QuickList is a hybrid of zipList and linkedList. It splits the linkedList into segments, each of which is stored compactly using a zipList, and connects multiple Ziplists using a bidirectional pointer. Because the attached space of the linked list is relatively high, the prev and next Pointers take up 16 bytes (compared to 8 bytes in 64-bit systems). In addition, the memory of each node is allocated separately, which will increase the fragmentation of memory and affect the efficiency of memory management. Recommended reading: 50 Redis Interview Questions.
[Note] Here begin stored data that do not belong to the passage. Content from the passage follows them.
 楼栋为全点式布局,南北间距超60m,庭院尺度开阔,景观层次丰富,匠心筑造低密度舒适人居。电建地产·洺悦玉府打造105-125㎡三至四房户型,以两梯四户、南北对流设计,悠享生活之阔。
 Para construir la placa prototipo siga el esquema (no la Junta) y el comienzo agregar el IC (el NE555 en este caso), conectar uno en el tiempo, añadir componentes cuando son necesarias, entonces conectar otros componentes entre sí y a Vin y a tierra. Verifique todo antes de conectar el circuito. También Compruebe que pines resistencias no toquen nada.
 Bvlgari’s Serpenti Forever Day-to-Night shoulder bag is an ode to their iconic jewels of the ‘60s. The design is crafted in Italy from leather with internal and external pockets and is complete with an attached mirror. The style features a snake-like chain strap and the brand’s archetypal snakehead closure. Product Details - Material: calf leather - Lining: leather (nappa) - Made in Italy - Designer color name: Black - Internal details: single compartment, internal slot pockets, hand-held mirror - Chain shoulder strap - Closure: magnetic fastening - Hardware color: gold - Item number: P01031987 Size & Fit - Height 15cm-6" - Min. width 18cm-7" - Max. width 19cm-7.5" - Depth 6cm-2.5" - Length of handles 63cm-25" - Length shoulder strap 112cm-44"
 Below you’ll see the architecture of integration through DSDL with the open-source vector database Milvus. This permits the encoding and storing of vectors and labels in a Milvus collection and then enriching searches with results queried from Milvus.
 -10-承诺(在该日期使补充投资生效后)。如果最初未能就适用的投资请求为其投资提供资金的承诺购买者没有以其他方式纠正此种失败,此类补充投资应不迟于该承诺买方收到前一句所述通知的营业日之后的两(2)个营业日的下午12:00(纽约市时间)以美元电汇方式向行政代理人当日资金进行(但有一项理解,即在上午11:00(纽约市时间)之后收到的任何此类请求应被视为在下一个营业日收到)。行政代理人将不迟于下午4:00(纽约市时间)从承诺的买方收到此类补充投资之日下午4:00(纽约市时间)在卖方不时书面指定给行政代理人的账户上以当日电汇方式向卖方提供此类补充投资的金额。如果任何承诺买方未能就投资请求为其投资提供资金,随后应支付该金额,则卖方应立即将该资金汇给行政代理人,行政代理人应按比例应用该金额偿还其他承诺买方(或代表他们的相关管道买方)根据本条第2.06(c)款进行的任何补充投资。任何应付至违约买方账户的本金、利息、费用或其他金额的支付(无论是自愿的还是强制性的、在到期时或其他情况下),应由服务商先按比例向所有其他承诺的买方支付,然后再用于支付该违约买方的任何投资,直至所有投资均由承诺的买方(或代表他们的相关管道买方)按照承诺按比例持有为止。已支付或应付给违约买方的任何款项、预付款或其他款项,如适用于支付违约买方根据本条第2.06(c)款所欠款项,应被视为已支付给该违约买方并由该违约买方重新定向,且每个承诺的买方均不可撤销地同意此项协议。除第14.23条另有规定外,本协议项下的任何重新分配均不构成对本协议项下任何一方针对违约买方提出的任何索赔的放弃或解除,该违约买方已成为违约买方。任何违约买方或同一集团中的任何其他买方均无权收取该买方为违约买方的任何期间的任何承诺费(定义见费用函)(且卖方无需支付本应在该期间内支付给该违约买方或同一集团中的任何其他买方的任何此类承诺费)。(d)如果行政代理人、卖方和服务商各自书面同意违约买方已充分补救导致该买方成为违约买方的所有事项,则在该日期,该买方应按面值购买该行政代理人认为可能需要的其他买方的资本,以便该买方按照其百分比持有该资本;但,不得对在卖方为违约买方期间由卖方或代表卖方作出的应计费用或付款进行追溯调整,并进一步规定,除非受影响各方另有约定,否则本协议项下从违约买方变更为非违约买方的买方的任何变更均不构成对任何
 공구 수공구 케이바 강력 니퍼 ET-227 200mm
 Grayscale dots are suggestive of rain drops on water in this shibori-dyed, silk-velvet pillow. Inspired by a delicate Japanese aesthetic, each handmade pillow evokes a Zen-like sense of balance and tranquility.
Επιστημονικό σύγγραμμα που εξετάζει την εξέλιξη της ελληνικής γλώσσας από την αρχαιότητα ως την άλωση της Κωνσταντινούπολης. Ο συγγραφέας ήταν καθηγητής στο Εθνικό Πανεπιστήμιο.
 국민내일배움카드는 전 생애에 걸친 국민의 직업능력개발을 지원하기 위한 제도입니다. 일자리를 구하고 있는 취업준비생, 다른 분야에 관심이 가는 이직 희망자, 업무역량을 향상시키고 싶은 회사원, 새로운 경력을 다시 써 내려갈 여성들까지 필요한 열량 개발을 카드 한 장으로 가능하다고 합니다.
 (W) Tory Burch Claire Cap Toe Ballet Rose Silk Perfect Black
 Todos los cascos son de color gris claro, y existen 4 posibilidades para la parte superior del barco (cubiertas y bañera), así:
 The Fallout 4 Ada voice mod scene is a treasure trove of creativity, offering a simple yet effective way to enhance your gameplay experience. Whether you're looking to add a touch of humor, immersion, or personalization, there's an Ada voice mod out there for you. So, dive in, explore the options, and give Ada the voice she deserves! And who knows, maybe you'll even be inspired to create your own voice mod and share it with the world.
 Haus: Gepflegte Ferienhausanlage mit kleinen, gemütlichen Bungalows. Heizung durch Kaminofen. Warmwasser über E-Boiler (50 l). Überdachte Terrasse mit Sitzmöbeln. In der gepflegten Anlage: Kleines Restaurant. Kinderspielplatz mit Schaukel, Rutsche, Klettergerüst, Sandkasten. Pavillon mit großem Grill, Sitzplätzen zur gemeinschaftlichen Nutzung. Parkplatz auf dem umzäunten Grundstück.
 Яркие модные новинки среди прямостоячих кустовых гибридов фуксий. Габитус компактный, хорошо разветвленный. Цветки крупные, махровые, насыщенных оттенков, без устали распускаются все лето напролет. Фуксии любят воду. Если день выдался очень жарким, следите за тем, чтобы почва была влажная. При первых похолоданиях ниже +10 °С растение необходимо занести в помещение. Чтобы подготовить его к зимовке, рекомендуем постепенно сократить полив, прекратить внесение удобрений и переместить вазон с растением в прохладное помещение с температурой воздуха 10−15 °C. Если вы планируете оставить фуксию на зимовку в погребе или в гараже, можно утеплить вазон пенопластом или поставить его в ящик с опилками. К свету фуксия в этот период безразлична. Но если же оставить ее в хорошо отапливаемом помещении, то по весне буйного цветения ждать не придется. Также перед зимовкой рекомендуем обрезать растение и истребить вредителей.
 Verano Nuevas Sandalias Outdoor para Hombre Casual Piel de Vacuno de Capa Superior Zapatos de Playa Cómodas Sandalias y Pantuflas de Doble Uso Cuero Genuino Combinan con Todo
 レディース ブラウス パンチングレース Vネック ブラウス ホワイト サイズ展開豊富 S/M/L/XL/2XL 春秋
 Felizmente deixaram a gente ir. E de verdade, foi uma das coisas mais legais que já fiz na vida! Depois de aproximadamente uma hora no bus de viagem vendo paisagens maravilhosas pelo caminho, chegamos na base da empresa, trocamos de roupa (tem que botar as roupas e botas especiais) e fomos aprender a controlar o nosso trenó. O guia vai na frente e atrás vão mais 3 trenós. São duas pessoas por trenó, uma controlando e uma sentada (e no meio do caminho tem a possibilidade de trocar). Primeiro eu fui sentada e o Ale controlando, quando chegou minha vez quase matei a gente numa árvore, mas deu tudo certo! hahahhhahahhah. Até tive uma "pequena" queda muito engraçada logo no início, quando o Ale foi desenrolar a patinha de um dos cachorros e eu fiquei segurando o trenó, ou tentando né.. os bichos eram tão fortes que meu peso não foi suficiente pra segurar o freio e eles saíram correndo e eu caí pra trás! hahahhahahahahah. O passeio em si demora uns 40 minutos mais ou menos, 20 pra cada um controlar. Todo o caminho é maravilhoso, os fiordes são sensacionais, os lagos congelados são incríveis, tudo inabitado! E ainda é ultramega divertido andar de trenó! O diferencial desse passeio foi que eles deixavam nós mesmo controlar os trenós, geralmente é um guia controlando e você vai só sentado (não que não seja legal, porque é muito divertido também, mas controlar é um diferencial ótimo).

Quicklist’s default compression depth is 0, meaning no compression. To support fast push/pop operations, the first and last ziplists of the QuickList are uncompressed, and the depth is 1. To further save space, Redis will compress ziplist and store it using LZF algorithm. For more information, please reply at the background of Java Technology Stack wechat official account: Redis.

5

Hash

The underlying implementation of Hash objects can be ziplist (compressed list) or Hashtable (dictionary or Hash table).

Ziplist (compressed list) is used only if the Hash object meets both of the following conditions: 1. The number of elements in the hash is less than 512. 2. The key and value strings of all key-value pairs in the hash are shorter than 64 bytes.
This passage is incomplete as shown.